_WHAT IS NEEDED_:
Please copy, exactly as they appear below, the lines from the one containing "- Автоматики котельной" through the one containing "SUNNYFEEL Folding Camping".

--- DATA EXTRACT ---

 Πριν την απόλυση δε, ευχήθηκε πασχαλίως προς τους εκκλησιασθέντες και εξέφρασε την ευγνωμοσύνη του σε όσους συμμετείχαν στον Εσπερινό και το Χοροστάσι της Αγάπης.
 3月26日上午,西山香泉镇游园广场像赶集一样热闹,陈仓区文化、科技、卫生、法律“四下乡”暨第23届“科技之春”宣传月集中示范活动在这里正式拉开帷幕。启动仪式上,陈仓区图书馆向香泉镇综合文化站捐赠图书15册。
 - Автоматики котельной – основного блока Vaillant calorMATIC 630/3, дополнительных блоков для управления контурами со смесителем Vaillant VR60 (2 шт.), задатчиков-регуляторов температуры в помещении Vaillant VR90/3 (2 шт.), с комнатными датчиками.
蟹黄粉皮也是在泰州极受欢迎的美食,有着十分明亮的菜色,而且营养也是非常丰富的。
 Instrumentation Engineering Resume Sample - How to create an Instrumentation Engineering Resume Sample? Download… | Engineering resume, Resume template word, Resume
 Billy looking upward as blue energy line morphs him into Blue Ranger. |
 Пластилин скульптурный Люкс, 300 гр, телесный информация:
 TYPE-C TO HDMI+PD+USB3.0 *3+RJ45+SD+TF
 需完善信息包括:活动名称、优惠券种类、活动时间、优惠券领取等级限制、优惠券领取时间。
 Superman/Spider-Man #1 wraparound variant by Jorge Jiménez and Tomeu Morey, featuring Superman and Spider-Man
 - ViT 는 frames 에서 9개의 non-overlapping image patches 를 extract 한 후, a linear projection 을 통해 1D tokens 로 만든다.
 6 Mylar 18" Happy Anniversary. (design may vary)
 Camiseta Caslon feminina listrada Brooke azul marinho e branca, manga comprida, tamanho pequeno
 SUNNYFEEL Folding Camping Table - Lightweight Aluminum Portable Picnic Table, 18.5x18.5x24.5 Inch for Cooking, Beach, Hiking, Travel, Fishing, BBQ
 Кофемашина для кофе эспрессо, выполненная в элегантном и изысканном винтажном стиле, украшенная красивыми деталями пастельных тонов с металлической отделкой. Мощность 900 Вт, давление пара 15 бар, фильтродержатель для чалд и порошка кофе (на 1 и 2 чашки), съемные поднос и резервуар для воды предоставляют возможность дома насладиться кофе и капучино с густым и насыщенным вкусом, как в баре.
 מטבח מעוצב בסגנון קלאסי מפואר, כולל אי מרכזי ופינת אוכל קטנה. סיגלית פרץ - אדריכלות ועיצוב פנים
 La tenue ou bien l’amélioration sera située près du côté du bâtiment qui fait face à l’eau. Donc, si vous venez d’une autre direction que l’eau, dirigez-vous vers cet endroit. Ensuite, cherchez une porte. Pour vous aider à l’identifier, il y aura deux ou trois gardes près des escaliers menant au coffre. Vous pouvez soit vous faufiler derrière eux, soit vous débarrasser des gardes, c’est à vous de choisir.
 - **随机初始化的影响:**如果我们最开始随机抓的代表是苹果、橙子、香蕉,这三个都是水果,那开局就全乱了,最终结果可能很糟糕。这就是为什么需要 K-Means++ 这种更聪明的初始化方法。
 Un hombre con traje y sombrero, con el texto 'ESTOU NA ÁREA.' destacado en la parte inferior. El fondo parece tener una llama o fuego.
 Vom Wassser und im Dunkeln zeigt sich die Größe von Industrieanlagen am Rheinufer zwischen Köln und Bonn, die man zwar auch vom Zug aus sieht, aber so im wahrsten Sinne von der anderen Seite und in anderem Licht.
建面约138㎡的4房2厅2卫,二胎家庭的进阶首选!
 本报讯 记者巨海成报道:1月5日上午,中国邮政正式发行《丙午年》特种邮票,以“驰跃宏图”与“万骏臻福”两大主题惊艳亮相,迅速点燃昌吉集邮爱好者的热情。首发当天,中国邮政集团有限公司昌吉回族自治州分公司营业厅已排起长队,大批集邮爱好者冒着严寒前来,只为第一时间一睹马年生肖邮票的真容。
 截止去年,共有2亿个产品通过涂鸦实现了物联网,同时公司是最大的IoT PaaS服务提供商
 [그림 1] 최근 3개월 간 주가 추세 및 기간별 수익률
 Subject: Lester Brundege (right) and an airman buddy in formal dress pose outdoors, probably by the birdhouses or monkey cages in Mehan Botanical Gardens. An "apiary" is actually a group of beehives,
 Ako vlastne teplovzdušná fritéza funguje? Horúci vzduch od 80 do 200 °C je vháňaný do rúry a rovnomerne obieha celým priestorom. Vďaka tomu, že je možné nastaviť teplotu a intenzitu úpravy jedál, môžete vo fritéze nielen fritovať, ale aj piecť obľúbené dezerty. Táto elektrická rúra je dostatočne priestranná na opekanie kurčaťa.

---

_OUTPUT FOR THIS TASK_:
 - Автоматики котельной – основного блока Vaillant calorMATIC 630/3, дополнительных блоков для управления контурами со смесителем Vaillant VR60 (2 шт.), задатчиков-регуляторов температуры в помещении Vaillant VR90/3 (2 шт.), с комнатными датчиками.
蟹黄粉皮也是在泰州极受欢迎的美食,有着十分明亮的菜色,而且营养也是非常丰富的。
 Instrumentation Engineering Resume Sample - How to create an Instrumentation Engineering Resume Sample? Download… | Engineering resume, Resume template word, Resume
 Billy looking upward as blue energy line morphs him into Blue Ranger. |
 Пластилин скульптурный Люкс, 300 гр, телесный информация:
 TYPE-C TO HDMI+PD+USB3.0 *3+RJ45+SD+TF
 需完善信息包括:活动名称、优惠券种类、活动时间、优惠券领取等级限制、优惠券领取时间。
 Superman/Spider-Man #1 wraparound variant by Jorge Jiménez and Tomeu Morey, featuring Superman and Spider-Man
 - ViT 는 frames 에서 9개의 non-overlapping image patches 를 extract 한 후, a linear projection 을 통해 1D tokens 로 만든다.
 6 Mylar 18" Happy Anniversary. (design may vary)
 Camiseta Caslon feminina listrada Brooke azul marinho e branca, manga comprida, tamanho pequeno
 SUNNYFEEL Folding Camping Table - Lightweight Aluminum Portable Picnic Table, 18.5x18.5x24.5 Inch for Cooking, Beach, Hiking, Travel, Fishing, BBQ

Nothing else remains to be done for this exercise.